比较导航经巩膜微脉冲激光(SML)与口服依普利酮治疗慢性中心性浆液性脉络膜视网膜病变(cCSC)的解剖/功能变化。本回顾性研究共纳入 36 例(36 只眼)接受导航 SML(Navilas® 577s;OD-OS GmbH,柏林附近,德国)治疗的 cCSC 患者(18 只眼,SML 组)和口服依普利酮治疗的患者(18 只眼,依普利酮组)。在 3 个月的随访期间,主要观察指标包括最佳矫正视力(BCVA)、中心黄斑厚度(CMT)、中心凹下视网膜下液厚度(FSRFT)和中心凹下脉络膜厚度(SFCT)的变化。SML 组和依普利酮组的平均症状持续时间分别为 6.8±0.6 个月和 6.4±0.9 个月(p=0.127)。BCVA、CMT 和 FSRFT 随时间明显变化(p<0.001)。

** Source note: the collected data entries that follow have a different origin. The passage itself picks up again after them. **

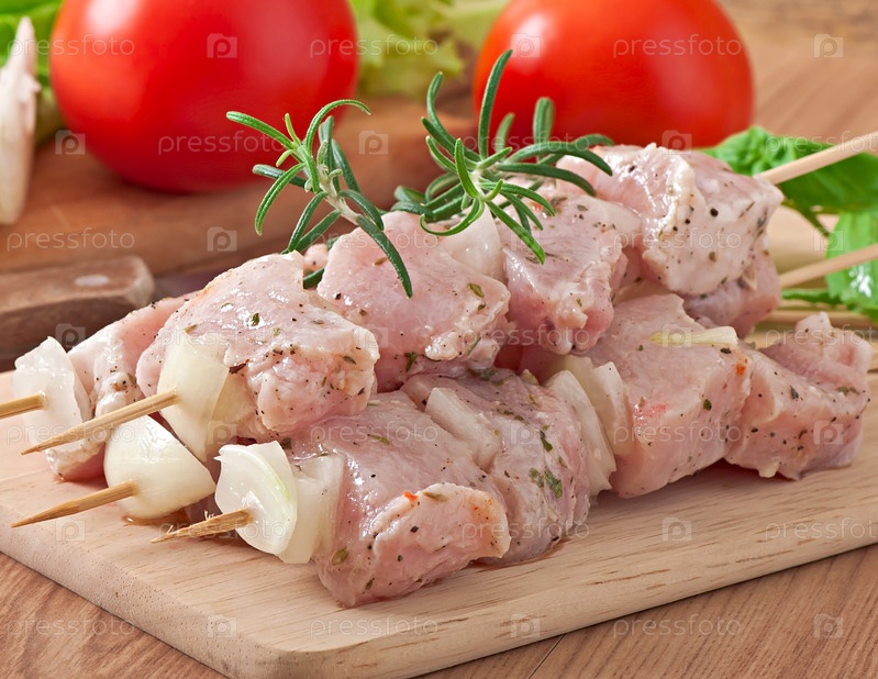 Маринованные куски мяса для шашлыка
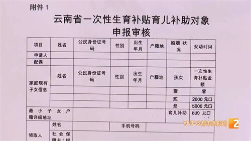 去年12月,云南省财政厅等多部门联合印发《云南省生育支持项目实施方案》,明确从今年1月1日起,对符合政策条件的家庭发放一次性生育补贴。近日,昆明已经有社区开始接受申请和咨询。
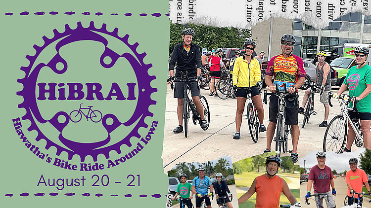 Join us for the 19th Annual Hiawatha Bike Ride Around Iowa (HiBRAI) August 20– 21! This 55-mile, intermediate bike ride will take us from Hiawatha south for an overnight stay at Riverside Casino & Golf Resort . HiBRAI has received a special rate for this event of $129.95 King or Double (usually $249.95)!!! Don’t miss out on this fun-filled charity ride to benefit the Friends of Hiawatha Parks and Recreation, a non-profit organization that supports children’s programs and park updates offered by the Hiawatha Parks and Recreation Department. Fully stocked rest stops will be frequent along this scenic route with snacks and lunches provided by many local sponsors. The registration fee is $50/person, late registration is $60 after August 5th. Support vehicles will be available for any emergency situations along with a Hiawatha Police officer riding the event.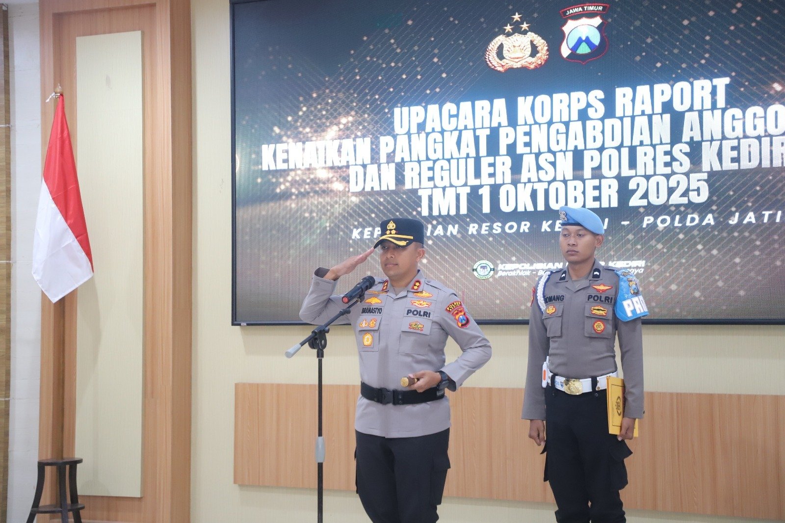 MEDIAINVESTIGASIMABES.CO.ID | KEDIRI (JATIM) ~ Upacara Korps Raport di Polres Kediri mewarnai penghujung bulan September, dengan agenda kenaikan pangkat pengabdian TMT 1 Oktober 2025 dan Korps Raport reguler ASN TMT 1 Oktober 2025.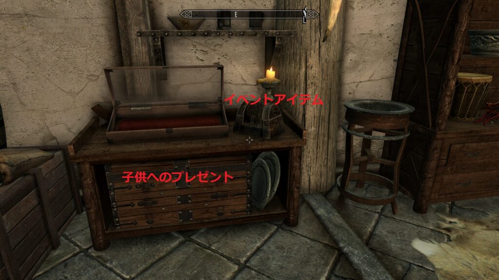 ここはイベントで得たアイテムと子供へのプレゼントが置いてあります。

从基线到 90 天,SML 组的 BCVA 从 0.3±0.1 提高到 0.1±0.1 logMAR,依普利酮组从 0.3±0.1 提高到 0.2±0.1 logMAR,CMT 从 357.1±104.3 减少到 210.6±46.7μm,从 428.7±107.7 减少到 332.5±27.5μm,FSRFT 从 144.4±108.2 减少到 22.6±37.2μm,从 217.1±105.9 减少到 54.4±86.2μm,SML 组和依普利酮组。在随访期间,SML 组有 55.6%的患者和依普利酮组有 66.7%的患者完全消退 FSRFT。SML 组的 CMT 和 FSRFT 的绝对变化明显大于依普利酮组(p<0.001 和 p=0.043),组间和时间的交互作用具有统计学意义。两组的 SFCT 在随访期间均无明显变化(p=0.083)。导航 SML 和口服依普利酮均为治疗 cCSC 的有效方法,可恢复视网膜形态并改善相关视力。